OK, I'm generally a digital guy so let's get that out of the way.
For one project, the goal is to provide a "clean power supply" to the ADC. In this case the ADC supply pin is both the analog reference and the supply to the ADC core itself. The chip runs on 3.3V.

Problem: the ripple or noise on the 3.3V supply is not given.

So, one implementation I've seen is to utilize an inductor (100uH) as well as typical bypass capacitors (0.1uF and 10uF).
I want to make sure my digital results are calibrated correctly to the actual voltage at the ADC supply.
Won't the inductor cause a minor voltage drop from the main supply to the ADC supply/reference pin? Given this is a DC voltage system, voltage drop across a 100uH or even 1000uH inductor should be minimal, right?
TIA.

 

Normally this would be set up as a Pi filter Cap-series ind-cap, the inductor would present its resistance only to the DC, the inductive reactance would have effect on the ripple portion.
Max.

 

"Won't the inductor cause a minor voltage drop from the main supply to the ADC supply/reference pin? Given this is a DC voltage system, voltage drop across a 100uH or even 1000uH inductor should be minimal, right?"
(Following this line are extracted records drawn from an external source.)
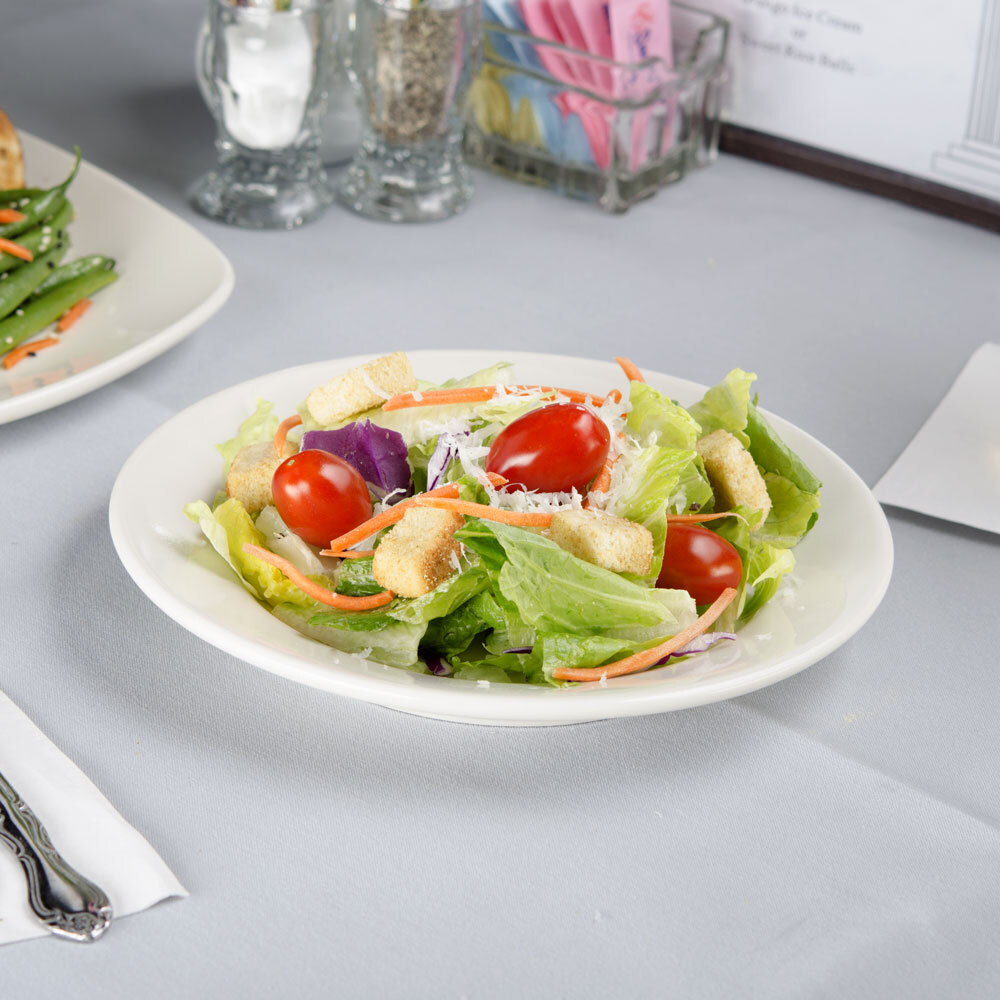 "Great salad plates. Durable and simple. I own a vacation condo and so far my guests haven't broken or chipped any, unlike other dinnerware I bought somewhere else."
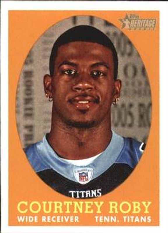 The Courtney Roby 2005 Topps Heritage #68b Base Rookie card is 1 of 6 Courtney Roby's card variations in the 2005 Topps Heritage set being tracked by Sports Card Investor, including #68a Base, #THC24a Foil, #THC24b Foil, #ROA-CR Real One Autographs, and #THC24 Rainbow Foil /50.
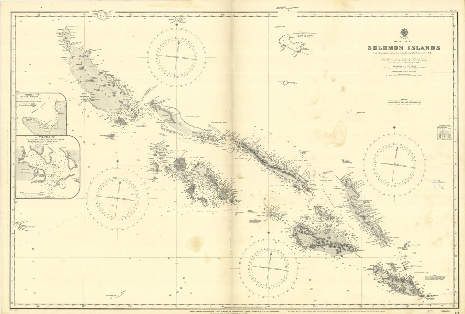 Solomon Islands From All available information in the Hydrographic Department to 1931. In the left side of the chart insert of Gazelle Harbour From the German Government Charts to 1919, Gizo Anchorage by Lieut F.J. Rendell & Nav. Sub. Lieut J.W. Brown 1875. London Published at the Admiralty 7th July 1874, under the Superintendence of Captain F.J. Evans, Hydrographer. Small corrections. Folded editorially. Autore: Admiralty Charts. Luogo: Salomon Islands - Pacific Ocean. Anno: '900. Tecnica: incisione. Dimensioni: 660x990 mm
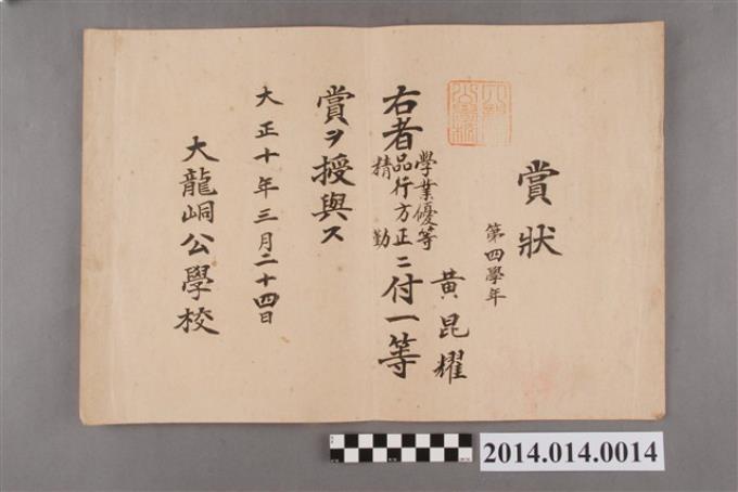 黃崑燿就讀大龍峒公學校三年級一等獎獎狀

Any wire will have a voltage drop if their is current flowing through it.
What is the resistance of the inductor?
How much current is flowing through the inductor?
Can you measure the ripple and noise on the power supply?
What frequencies are you trying to eliminate?
If you're doing this seat-of-the-pants and don't know what you want and don't measure what's going on and what your filter needs to do or is doing for you then you might as well just try something and hope for the best. If it is important you need to do it right. More inductance will attenuate noise and ripple more but likely also have higher resistance so more voltage drop.

 

Given this is a DC voltage system, voltage drop across a 100uH or even 1000uH inductor should be minimal, right?
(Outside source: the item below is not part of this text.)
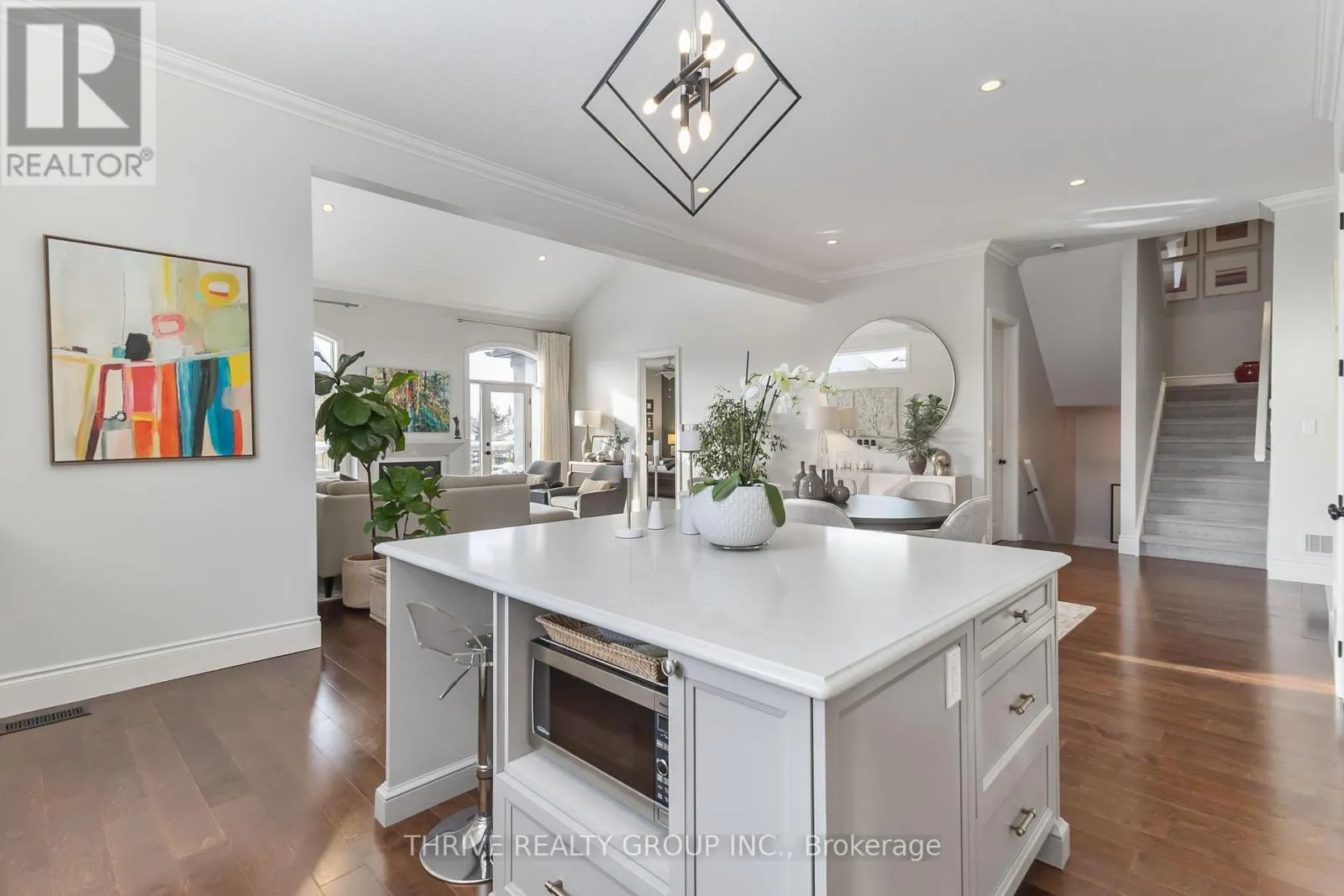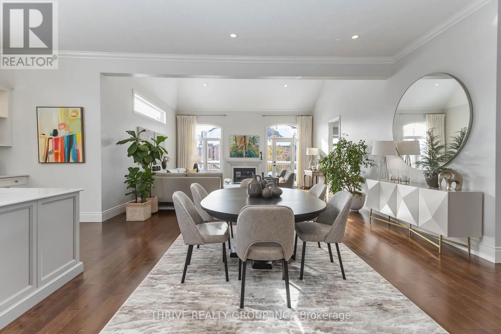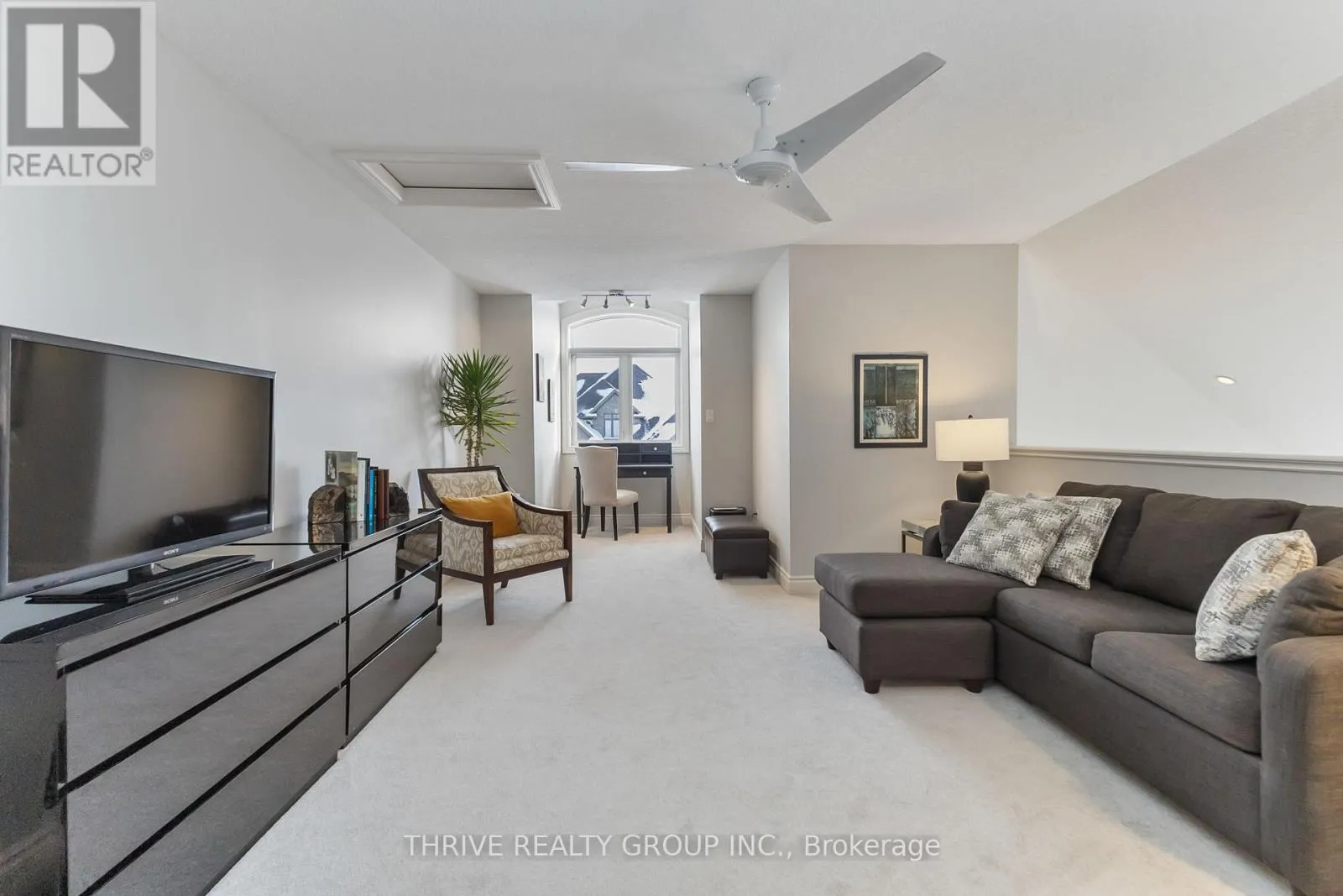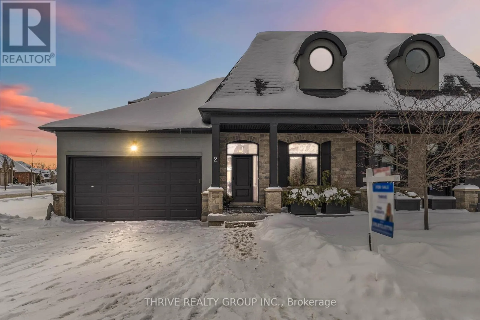 Cross Streets: Callingham Dr & Meadowlands Way. ** Directions: From Sunningdale Rd, turn onto Meadowlands Way, then turn onto Callingham Dr and follow to 2215. #2 will be the first home on your left. Rarely offered end-unit condo near Sunningdale Golf Course, offering exceptional space, privacy, and a truly pristine presentation, with a quiet outlook over mature greenery and a natural water feature, the perfect backdrop for watching evening sunsets. This impeccably maintained residence offers a rare sense of space and calm within the community. The main floor is thoughtfully designed for effortless living, featuring a primary bedroom with ensuite, main-floor laundry, and a flexible den or home office. Soaring ceilings - 10 feet on the main level and an impressive 18 feet in the great room, create a bright, elegant atmosphere, complemented by a beautifully designed kitchen that anchors the home with both style and function, ideal for everyday living and entertaining. The upper level includes a spacious loft area, perfect for additional lounge space, a home office, or a quiet retreat along with a bedroom and additional bathroom. The fully finished lower level adds incredible versatility with a bedroom, kitchenette, family room, sauna, bathroom, and bonus space, perfect for guests, extended family, or hobbies. With 3 bedrooms and 4 bathrooms, double car garage, and no rental items, this home delivers comfort, quality, and ease. Ideally located close to golf, trails, shopping, and everyday amenities, and within excellent school catchments including Masonville PS, A.B. Lucas SS, Louise Arbour FI, Sir Frederick Banting SS, as well as Catholic options St. Catherine of Siena and St. Andre Bessette. A rare opportunity to enjoy spacious, refined, low-maintenance living in one of North London's most desirable communities. (id:27476)

That's easy to calculate: it's just the total supply current times the DC resistance of the inductor (or E = I*R). Not knowing what your micro is nor what your inductor is I cannot pin this down any further.

 

Thank you for the replies. Some component selections and evaluation/experimentation are needed, and will be the best way to determine the behavior. The MCU is an NXP mbed platform, the ADC consumes around 2mA active. We'll see how it goes.

 

Let me ask what the analog input is being used to measure. Is it possible that the signal comes from something that could run on the same supply as the A/D itself? Because if so, everything could be ratiometric (if it were a strain gauge and instrumentation amplifier, for instance) and any deviations in the supply as seen by the processor would be matched by the input from the sensor, so this problem disappears.

Even if you did have a perfectly smooth power supply, the way you have this set up means that the accuracy of the A/D is dependent on the accuracy of your 3.3V (unless the input is ratiometric). Is that OK? Generally power supplies aren't precision voltage sources.